Corrie Ten Boom was taken prisoner by the Nazi’s for hiding Jews in her home.

The Hiding Place (cut out in the back wall)

The entrance to the Hiding Place (not even waist high) 6 people had to get in in 90 seconds
Corrie ten Boom grew up in Haarlem in Amsterdam and was the youngest of four children, born to parents Casper (1859–1944) and Cornelia (died 1921 of a cerebral haemorrhage). She had two other sisters, Betsie ten Boom (died 1944 in the Ravensbrück death camp) and Nollie (died in 1953). Her brother, Willem ten Boom, was born in 1887 and died in 1946 of spinal tuberculosis. Corrie’s three maternal aunts also lived with her family. Bep died in the early 1920s, of tuberculosis; Jans died in the mid-1920s, of diabetes; and Anna, who took care of the children after the death of their mother, was the last to die, in the early 1930s.
Corrie’s father worked as a watchmaker; a profession that she followed in becoming the first licensed female watchmaker in the Netherlands in 1924. Corrie and her sister Betsie never married and had lived their entire lives (until their arrest) in their childhood home in Haarlem.

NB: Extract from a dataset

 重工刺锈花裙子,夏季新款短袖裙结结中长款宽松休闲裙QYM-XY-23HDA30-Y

Corrie ten Boom also ran a church for people with mental disabilities, raised foster children in their home, and did other charitable works.
In 1940, the Nazis invaded the Netherlands. Among their restrictions was banning a club which ten Boom had run for young girls.In May 1942 a well-dressed woman came to the ten Boom door with a suitcase in hand. She told the ten Booms that she was a Jew and that her husband had been arrested several months before and her son had gone into hiding. As Occupation authorities had recently visited her, she was afraid to return home. Having heard that the ten Booms had helped their Jewish neighbors, the Weils, she asked if she might stay with the family. ten Boom’s father readily agreed. A devoted reader of the Old Testament, Casper believed Jews were the ‘chosen people‘, and he told the woman, “In this household, God’s people are always welcome.”The family then became very active in the Dutch underground hiding refugees They provided kosher food for the Jewish refugees who stayed with them and honored the Jewish Sabbath.

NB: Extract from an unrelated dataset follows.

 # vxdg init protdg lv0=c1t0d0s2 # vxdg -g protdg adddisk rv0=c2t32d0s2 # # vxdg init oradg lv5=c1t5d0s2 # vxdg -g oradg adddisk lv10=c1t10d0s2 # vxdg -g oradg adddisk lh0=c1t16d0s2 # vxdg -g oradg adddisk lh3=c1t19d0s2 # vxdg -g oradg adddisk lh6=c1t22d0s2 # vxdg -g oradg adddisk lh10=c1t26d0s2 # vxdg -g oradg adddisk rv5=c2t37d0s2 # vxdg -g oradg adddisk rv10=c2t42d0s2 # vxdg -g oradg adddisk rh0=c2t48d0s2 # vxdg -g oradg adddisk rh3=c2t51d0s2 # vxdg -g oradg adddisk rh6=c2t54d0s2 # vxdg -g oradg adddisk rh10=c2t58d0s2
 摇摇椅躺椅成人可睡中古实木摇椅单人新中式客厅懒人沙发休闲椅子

Thus the ten Booms began “the hiding place”, or “de schuilplaats”, as it was known in Dutch (also known as “de Béjé”, pronounced in Dutch as ‘bayay’, an abbreviation of the name of the street the house was in, the Barteljorisstraat). Corrie ten Boom and sister Betsie began taking in refugees — both Jews and others who were members of the resistance movement, being sought by the Gestapo and its Dutch counterpart. While they had extra rooms in the house, food was scarce for everyone, due to wartime shortages. Every non-Jewish Dutch person had received a ration card, which was required to obtain weekly coupons to buy food.

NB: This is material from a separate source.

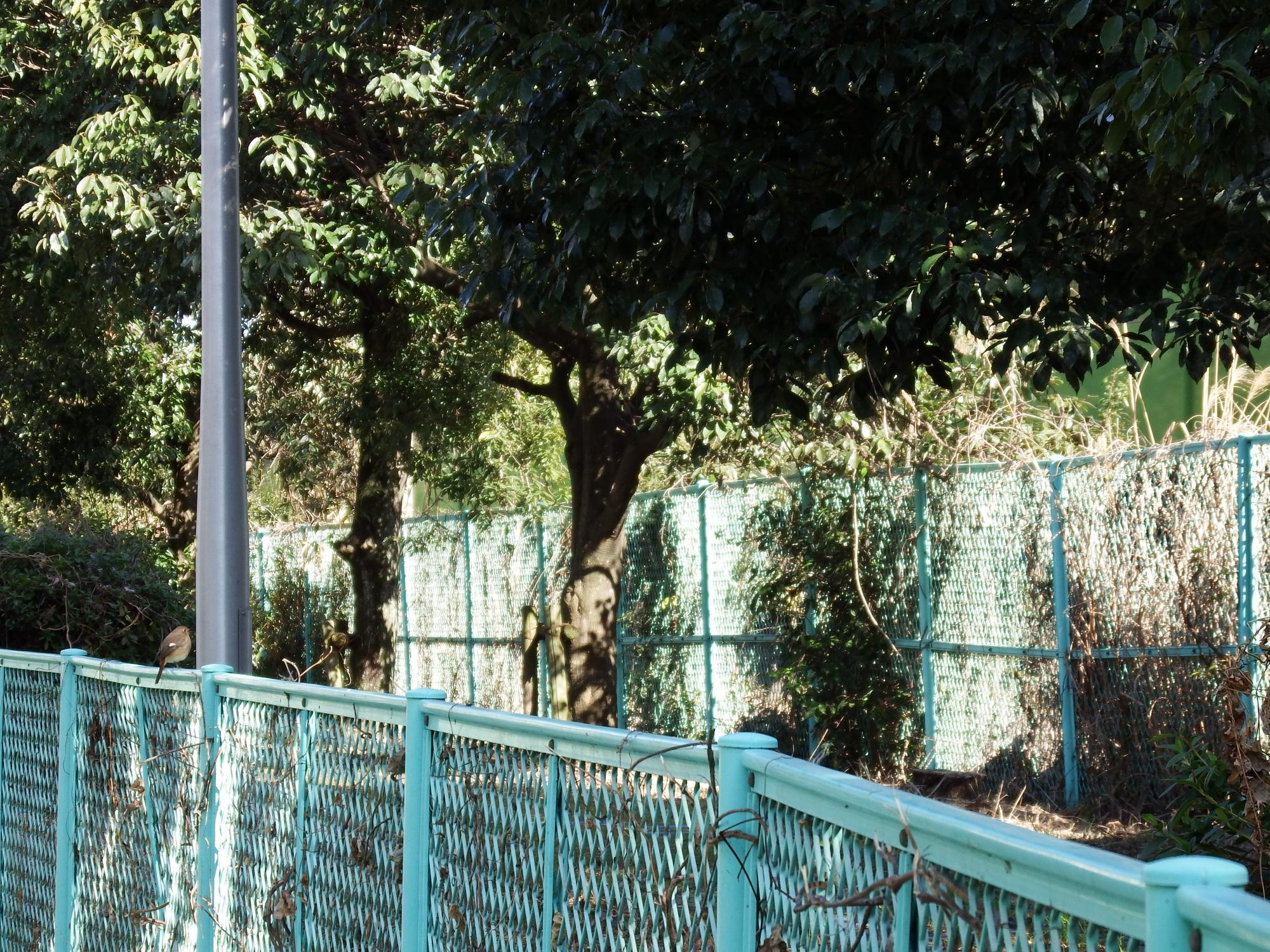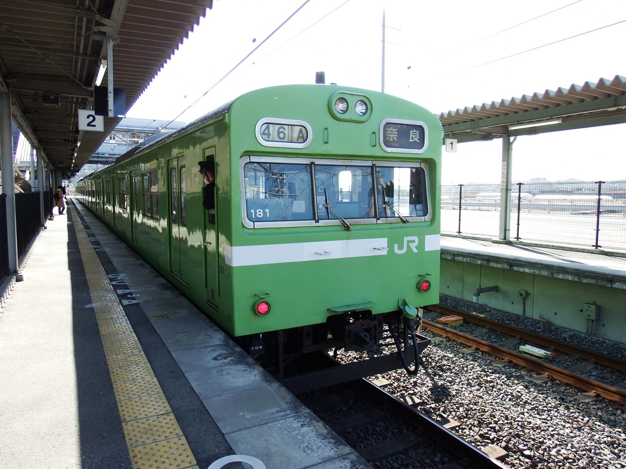 駅近くの公園でジョウビタキと遊んでいたら、柵の向こうを奈良駅から折り返してきた103系が行ってしまいました。木の陰の黄緑が103系です。
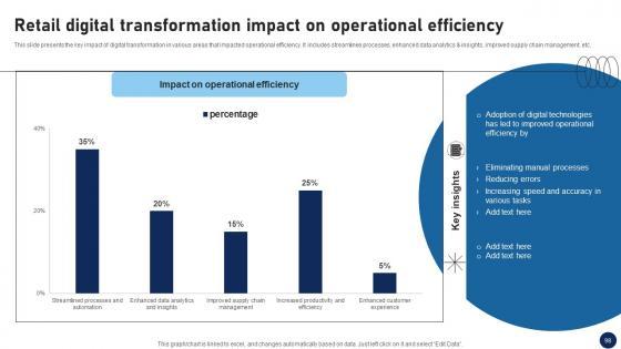 This slide presents the key impact of digital transformation in various areas that impacted operational efficiency. It includes streamlines processes, enhanced data analytics and insights, improved supply chain management, etc.Explore a selection of the finest Retail Digital Transformation Impact On Operational Efficiency DT SS V here. With a plethora of professionally designed and pre-made slide templates, you can quickly and easily find the right one for your upcoming presentation. You can use our Retail Digital Transformation Impact On Operational Efficiency DT SS V to effectively convey your message to a wider audience. Slidegeeks has done a lot of research before preparing these presentation templates. The content can be personalized and the slides are highly editable. Grab templates today from Slidegeeks. This slide presents the key impact of digital transformation in various areas that impacted operational efficiency. It includes streamlines processes, enhanced data analytics and insights, improved supply chain management, etc.

Thanks to her charitable work, ten Boom knew many people in Haarlem and remembered a couple who had a disabled daughter. The father was a civil servant, who by then was in charge of the local ration-card office. She went to his house one evening; when he asked how many ration cards she needed, “I opened my mouth to say, ‘Five,'” ten Boom wrote in The Hiding Place. “But the number that unexpectedly and astonishingly came out instead was: ‘One hundred.'”He gave them to her, and she provided cards to every Jewish person whom she met.
Secret room
Because of the number of people using their house, the family built a secret room, in case a raid took place. They decided to build it in ten Boom’s bedroom; as it was in the highest part of the house, people trying to hide would have the most time to avoid detection (as a search would start on the ground floor). A member of the Dutch resistance designed the hidden room behind a false wall. Gradually, family and supporters brought building supplies into the house, hiding them in briefcases and rolled-up newspapers. When finished, the secret room was about 30 inches (76 cm) deep, the size of a medium wardrobe. A ventilation system allowed for breathing. To enter the secret room, a person had to open a sliding panel in the plastered brick wall under a bottom bookshelf and crawl in on hands and knees. In addition, the family installed an electric buzzer for warning in a raid. When the Nazis raided the ten Boom house in 1944, six people were using the hiding place to evade detection.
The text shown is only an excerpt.